Vaclav Hanzl edited this page Oct 31, 2022 · 8 revisions

In a nutshell:

  • Prak uses unicode utf-8 in NFC.
  • If prak encounters NFD at the input, it prints warning and converts text to NFC.
  • Prak also deletes any BOM found at the start of any line.
  • Prak works with any combination of CR and LF.

What is Unicode and utf-8

Unicode is a character set of all characters of the world. Computers manage it quite well today so there is no reason to use one-country-only character sets anymore (like Latin-2).

Encoding utf-8 is a clever way to encode Unicode in such a way that old good ASCII characters remain encoded exactly the same as they were 50 years ago. That's called backward compatibility. Any sane engineer will choose utf-8.

There is also utf-16. You open it in an editor expecting ASCII and see just garbage. Windows engineers have that strange love for incompatible things, so you may encounter it on Windows and praat has it as a default on Windows. Just switch your praat to utf-8.

What is NFC and NFD

Unicode has two ways to represent letters with accents:

  • as one character which happens to have accent as its integral part (NFC, composed)
  • as two characters: letter + accent (NFD, decomposed)

As long as all the accented letters you need do exist in Unicode in a composed form (very likely), NFC is an obvious choice.
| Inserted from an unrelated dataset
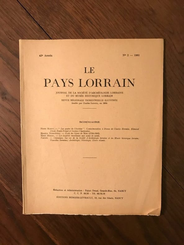Nancy, le Pays Lorrain, 1961 ; in-4, 40 pp., couverture beige et cahiers agrafés. Sommaire: Pierre MAROT: «Les quatre de l'Institut» Commémoration à Dieuze de Charles Hermite, Édmond About, Émile Friant & Gustave Charpentier, p. 39./ Général Maurice DUMONTIER: École du Génie de Metz (1794-1802), p. 49./ Henri HIEGEL: Les localités mosellanes aux noms de saints, p. 59./ Variétés-Chronique: ***: La vie de la Société d'Archéologie lorraine et du Musée historique lorrain, p. 69./ ***: Nouvelles lorraines, p. 69.

NFD is not a total nonsense - it is like, say, driving on the left side. As long as everybody else on your island agrees, it works. But do not try it here. Decomposed characters can arise (you guessed it) on Windows, popping up for no particular reason. It you cut-n-paste text around, you can have NFD parts in otherwise fine NFC text and it looks exactly the same and certainly leads to bugs. When prak encounters NFD (in TextGrid or in exceptions.txt), in converts it to NFC and prints a lengthy and very fair warning.

What is BOM (and CR and LF)

BOM is an invisible character added by some Windows software at the beginning of file. Apart from breaking other software, BOM does not do much. Prak silently deletes BOM on input, not only at the beginning of file but at start of any line - just in case you contaminated your text by cut-n-paste of some first line got elsewhere.

CR and LF are "carriage return" (go to beginning of line) and "line feed" (go to next line). It made sense on mechanical typewriters. Does not make so much sense in computer files today. Sane systems us just LF as end of line. (You know or guessed by now where you can encounter CR+LF, right?) Prak works with both just LF and CR+LF as end of line. In fact, for TextGrid, it takes some effort to smuggle such characters into string. For exceptions.txt, you can safely edit it with software which saves with CR+LF and it will work.

Phone enconding

Unicode has IPA characters but there is much more to consider, see Phone symbols.